> [RECORDS SUPPLIED]:
=== Begin Enclosure ===
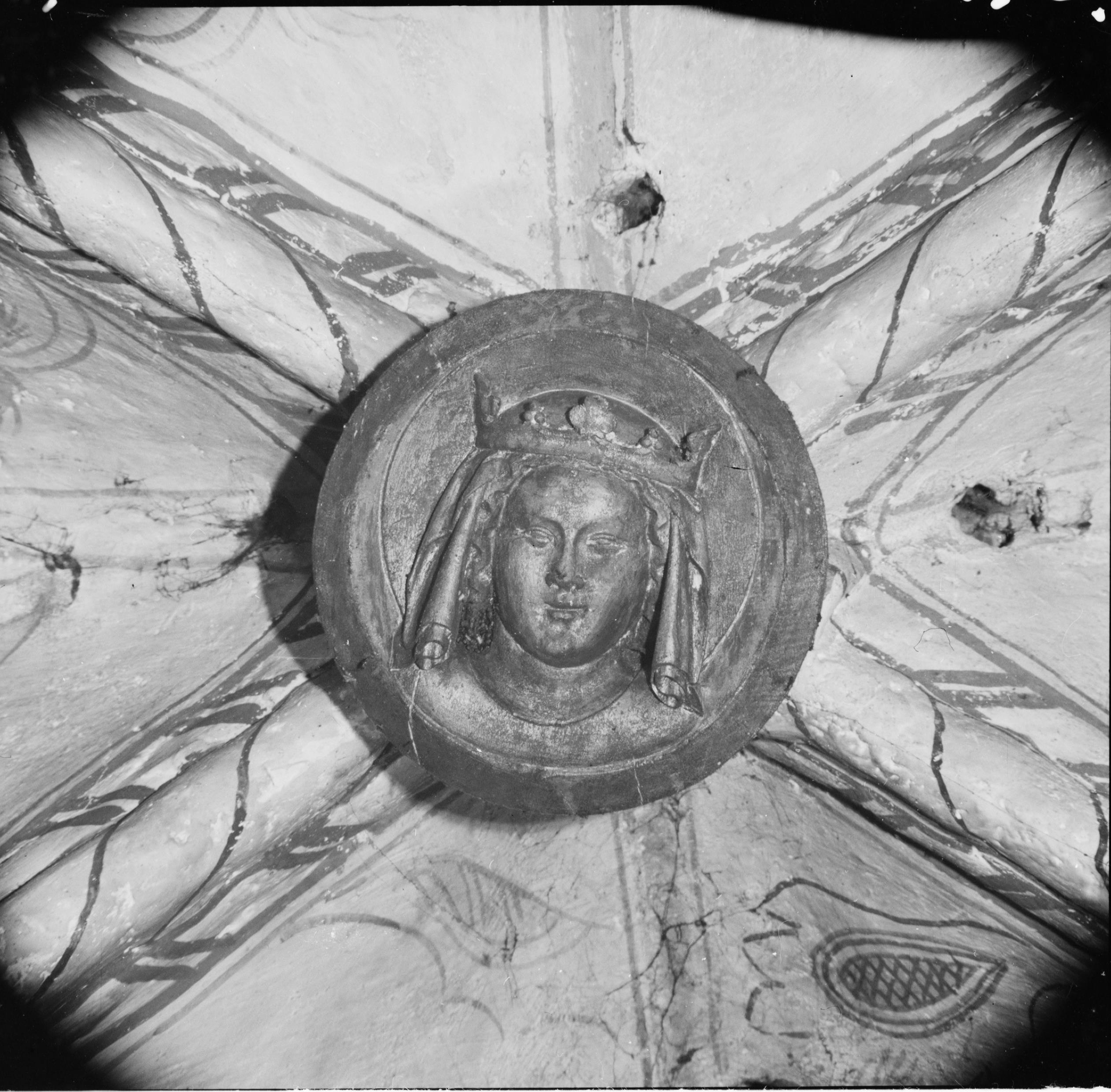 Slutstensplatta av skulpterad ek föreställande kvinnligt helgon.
=== End Enclosure ===
=== Begin Enclosure ===
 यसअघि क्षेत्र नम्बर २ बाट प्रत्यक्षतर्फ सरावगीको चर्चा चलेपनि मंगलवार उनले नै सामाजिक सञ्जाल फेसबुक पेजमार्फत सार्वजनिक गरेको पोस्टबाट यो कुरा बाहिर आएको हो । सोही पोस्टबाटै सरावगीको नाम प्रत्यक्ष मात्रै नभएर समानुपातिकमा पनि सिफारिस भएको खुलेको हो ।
=== End Enclosure ===
=== Begin Enclosure ===
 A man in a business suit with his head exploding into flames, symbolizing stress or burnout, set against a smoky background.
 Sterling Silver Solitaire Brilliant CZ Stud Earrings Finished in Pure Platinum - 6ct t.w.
=== End Enclosure ===
> [WORK INSTRUCTION]: In the listing above, transcribe exactly everything from the line containing "A man in a business" down to the line containing "Sterling Silver Solitaire", including both and nothing more.

> [FINISHED EXERCISE]:
 A man in a business suit with his head exploding into flames, symbolizing stress or burnout, set against a smoky background.
 Sterling Silver Solitaire Brilliant CZ Stud Earrings Finished in Pure Platinum - 6ct t.w.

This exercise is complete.